# New Paphs from Enlightened Orchids



## paphreek (Mar 8, 2008)

I just returned from the 2008 Orchid Symposium at the Minnesota Landscape Arboretum. We had five excellent presentations, and I picked up two well grown plants from the proprietor of Enlightened Orchids, "Steve Jobs". His presentation was interesting and full of useful information. I even think he did a slightly better job than his "predecessor", Ernie Gemeinhart.oke:

I purchased a compact, chunky wonder of a plant in bud: Paph Arnold Klehm, and a neat little Paph spicerianum. (I always have room for one more spicerianum!) Both are great, healthy plants.


----------



## Candace (Mar 9, 2008)

Steve is a hottie isn't he?


----------



## cyp8472 (Mar 9, 2008)

I just had a blast at the 2008 orchid symposium and I got to say one of the highlights was meeting Ernie. Very nice guy who was always willing to answer any questions very thoroughly. His presentation was very informative and surprisingly kept my young mind on the presentaion the whole time.:clap: Heck I would listen to it again because I know it wouldn't be the same one. His plants were spectacular and I had to again spend way to much on plants I shouldn't.:drool: All paphs. so it wasn't a total waste. I highly recommend his plants after seeing and buying some. He even had time to pitch slipper talk in our conversation, gave me a fancy card and everything.

Funny thought occurred and sorry if this offends, but during the entire time I met him and listened to him speak I kept on thinking he was the Dane Cook of orchids. Seriously watch one of his stand ups or movies and put an orchid twist on that and that is him. Even kind of looks like him.:rollhappy:


----------



## Elena (Mar 9, 2008)

paphreek said:


> the proprietor of Enlightened Orchids, "Steve Jobs". His presentation was interesting and full of useful information. I even think he did a slightly better job than his "predecessor", Ernie Gemeinhart.oke:



:rollhappy:


----------



## Heather (Mar 9, 2008)

Was Richard there? 

(honestly, I don't know what gets into me some days...or doesn't...)

Nice JOB, Steve. :clap: Way to multi-task!


----------



## Ernie (Mar 10, 2008)

cyp8472 said:


> Funny thought occurred and sorry if this offends, but during the entire time I met him and listened to him speak I kept on thinking he was the Dane Cook of orchids. Seriously watch one of his stand ups or movies and put an orchid twist on that and that is him. Even kind of looks like him.:rollhappy:



I'll take that as a compliment!!! Should I swear even more Cyp####???  Maybe when I do repotting demos, I should make folks stick dollar bills in the edge of the pot to encourage the plant to unpot??? I try to put a goofy edge on my talks- keeps folks awake. I'm never fresh-shaven either a la Dane Cook... well even if I am, it never looks like it.
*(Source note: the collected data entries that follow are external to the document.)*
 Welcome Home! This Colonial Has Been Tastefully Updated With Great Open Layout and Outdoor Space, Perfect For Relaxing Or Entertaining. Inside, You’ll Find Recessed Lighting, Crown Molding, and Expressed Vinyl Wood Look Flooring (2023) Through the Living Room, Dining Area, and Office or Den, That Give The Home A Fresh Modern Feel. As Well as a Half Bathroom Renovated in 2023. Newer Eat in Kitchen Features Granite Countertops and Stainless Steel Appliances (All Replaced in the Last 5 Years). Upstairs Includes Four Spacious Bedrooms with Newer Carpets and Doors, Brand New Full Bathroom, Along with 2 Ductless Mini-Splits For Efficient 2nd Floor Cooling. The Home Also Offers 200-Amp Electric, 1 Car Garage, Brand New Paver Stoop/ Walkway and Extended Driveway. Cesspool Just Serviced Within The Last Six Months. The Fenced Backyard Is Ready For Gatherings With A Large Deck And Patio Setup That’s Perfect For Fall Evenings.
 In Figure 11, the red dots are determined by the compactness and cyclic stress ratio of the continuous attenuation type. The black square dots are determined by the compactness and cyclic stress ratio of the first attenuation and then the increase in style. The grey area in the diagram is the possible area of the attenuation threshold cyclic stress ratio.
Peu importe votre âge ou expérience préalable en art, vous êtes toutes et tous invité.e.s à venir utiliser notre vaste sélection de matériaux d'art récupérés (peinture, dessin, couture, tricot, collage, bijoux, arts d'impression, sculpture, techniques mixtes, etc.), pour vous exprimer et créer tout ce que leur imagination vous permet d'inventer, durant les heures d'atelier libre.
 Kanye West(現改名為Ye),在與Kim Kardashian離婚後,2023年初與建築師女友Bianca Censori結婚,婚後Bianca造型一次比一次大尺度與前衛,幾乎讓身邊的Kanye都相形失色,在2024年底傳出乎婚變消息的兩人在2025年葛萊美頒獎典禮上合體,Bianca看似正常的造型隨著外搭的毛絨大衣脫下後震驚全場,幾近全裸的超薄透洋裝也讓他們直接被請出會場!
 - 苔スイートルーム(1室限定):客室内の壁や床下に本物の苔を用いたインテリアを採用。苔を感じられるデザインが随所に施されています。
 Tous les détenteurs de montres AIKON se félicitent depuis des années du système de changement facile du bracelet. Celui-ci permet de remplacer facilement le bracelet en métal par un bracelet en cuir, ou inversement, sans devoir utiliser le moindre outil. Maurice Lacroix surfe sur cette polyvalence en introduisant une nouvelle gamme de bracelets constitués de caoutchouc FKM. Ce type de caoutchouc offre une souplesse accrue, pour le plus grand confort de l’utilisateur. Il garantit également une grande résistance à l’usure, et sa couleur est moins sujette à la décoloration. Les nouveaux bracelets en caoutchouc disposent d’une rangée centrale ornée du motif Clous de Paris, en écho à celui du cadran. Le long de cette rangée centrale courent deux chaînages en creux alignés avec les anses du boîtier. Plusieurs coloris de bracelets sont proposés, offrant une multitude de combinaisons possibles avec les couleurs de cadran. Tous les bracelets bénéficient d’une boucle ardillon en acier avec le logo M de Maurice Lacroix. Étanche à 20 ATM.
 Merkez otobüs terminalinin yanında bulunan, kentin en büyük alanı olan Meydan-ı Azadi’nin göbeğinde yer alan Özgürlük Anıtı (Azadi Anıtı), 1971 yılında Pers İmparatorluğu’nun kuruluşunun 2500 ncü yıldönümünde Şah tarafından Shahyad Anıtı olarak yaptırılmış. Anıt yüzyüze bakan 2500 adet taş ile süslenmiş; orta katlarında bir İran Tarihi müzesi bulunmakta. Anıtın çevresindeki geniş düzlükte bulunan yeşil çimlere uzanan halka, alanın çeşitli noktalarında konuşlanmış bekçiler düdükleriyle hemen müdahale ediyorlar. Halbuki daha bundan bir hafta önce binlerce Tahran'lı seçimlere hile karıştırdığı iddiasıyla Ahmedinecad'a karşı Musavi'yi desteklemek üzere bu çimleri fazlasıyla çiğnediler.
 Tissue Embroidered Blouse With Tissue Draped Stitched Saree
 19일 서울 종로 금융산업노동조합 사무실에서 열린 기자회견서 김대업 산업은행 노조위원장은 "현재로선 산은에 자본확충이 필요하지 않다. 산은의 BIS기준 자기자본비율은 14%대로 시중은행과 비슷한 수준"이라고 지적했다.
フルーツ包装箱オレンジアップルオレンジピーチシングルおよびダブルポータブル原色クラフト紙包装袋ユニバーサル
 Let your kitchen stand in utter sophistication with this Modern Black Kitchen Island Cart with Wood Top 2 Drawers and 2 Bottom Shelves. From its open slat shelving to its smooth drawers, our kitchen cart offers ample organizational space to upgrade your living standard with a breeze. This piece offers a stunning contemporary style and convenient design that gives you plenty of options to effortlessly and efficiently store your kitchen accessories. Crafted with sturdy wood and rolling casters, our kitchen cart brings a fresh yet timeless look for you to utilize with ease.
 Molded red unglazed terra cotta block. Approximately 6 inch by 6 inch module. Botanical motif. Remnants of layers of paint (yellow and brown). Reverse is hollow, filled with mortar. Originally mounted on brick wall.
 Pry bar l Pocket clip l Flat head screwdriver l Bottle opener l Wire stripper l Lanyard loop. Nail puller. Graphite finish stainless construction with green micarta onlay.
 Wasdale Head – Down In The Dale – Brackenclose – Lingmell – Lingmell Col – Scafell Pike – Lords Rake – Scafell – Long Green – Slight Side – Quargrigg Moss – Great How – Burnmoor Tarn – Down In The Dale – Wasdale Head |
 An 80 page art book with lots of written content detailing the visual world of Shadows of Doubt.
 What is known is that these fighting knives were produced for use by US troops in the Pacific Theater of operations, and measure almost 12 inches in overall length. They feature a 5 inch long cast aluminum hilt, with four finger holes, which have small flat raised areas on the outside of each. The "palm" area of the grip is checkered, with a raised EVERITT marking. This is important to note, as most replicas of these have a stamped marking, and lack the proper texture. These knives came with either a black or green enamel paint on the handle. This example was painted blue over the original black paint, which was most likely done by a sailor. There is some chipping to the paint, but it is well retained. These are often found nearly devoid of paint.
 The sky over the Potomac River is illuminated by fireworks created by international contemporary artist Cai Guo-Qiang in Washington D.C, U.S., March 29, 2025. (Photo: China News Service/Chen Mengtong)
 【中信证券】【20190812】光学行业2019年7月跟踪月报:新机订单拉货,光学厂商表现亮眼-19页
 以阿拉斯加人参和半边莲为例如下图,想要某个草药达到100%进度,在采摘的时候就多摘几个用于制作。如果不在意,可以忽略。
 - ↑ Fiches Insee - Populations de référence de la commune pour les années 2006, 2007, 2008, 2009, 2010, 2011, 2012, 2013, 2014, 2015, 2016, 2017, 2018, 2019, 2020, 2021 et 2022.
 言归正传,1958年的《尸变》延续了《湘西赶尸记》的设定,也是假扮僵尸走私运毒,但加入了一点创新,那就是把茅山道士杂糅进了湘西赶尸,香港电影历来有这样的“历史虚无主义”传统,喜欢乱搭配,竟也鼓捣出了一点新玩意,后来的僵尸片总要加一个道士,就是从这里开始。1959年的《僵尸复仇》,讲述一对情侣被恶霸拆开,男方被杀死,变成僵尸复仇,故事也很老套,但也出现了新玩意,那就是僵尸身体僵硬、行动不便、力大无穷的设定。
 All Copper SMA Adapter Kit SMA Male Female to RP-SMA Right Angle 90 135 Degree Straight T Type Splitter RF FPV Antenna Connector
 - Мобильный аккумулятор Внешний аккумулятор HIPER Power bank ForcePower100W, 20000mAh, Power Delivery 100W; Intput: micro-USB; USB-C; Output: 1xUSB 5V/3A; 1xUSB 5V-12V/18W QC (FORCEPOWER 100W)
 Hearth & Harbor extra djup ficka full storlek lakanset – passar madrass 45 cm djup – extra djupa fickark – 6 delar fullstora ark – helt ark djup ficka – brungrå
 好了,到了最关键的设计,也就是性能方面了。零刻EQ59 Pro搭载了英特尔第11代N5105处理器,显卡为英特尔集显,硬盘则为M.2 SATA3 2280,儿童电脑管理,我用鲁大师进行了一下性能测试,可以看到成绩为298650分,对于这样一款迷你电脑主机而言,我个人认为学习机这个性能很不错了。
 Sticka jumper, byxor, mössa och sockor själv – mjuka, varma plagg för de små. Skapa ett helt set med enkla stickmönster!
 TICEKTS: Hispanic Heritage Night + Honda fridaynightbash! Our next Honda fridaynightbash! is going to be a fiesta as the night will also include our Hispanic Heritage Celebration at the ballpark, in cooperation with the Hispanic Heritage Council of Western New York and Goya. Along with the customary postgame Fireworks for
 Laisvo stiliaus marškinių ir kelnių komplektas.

Even have those twelve blade razors... I digress... 

-Steve Jobs (Ernie)


----------



## cyp8472 (Mar 10, 2008)

Ernie said:


> I'll take that as a compliment!!! Should I swear even more Cyp####???  Maybe when I do repotting demos, I should make folks stick dollar bills in the edge of the pot to encourage the plant to unpot??? I try to put a goofy edge on my talks- keeps folks awake. I'm never fresh-shaven either a la Dane Cook... well even if I am, it never looks like it. Even have those twelve blade razors... I digress...
> 
> -Steve Jobs (Ernie)



You should, he is a very funny guy as are you. I thoroughly enjoyed the presentation because it did have that goofy edge that kept me hooked. I haven't seen that at any orchid presentation and was very refreshing.:clap:


----------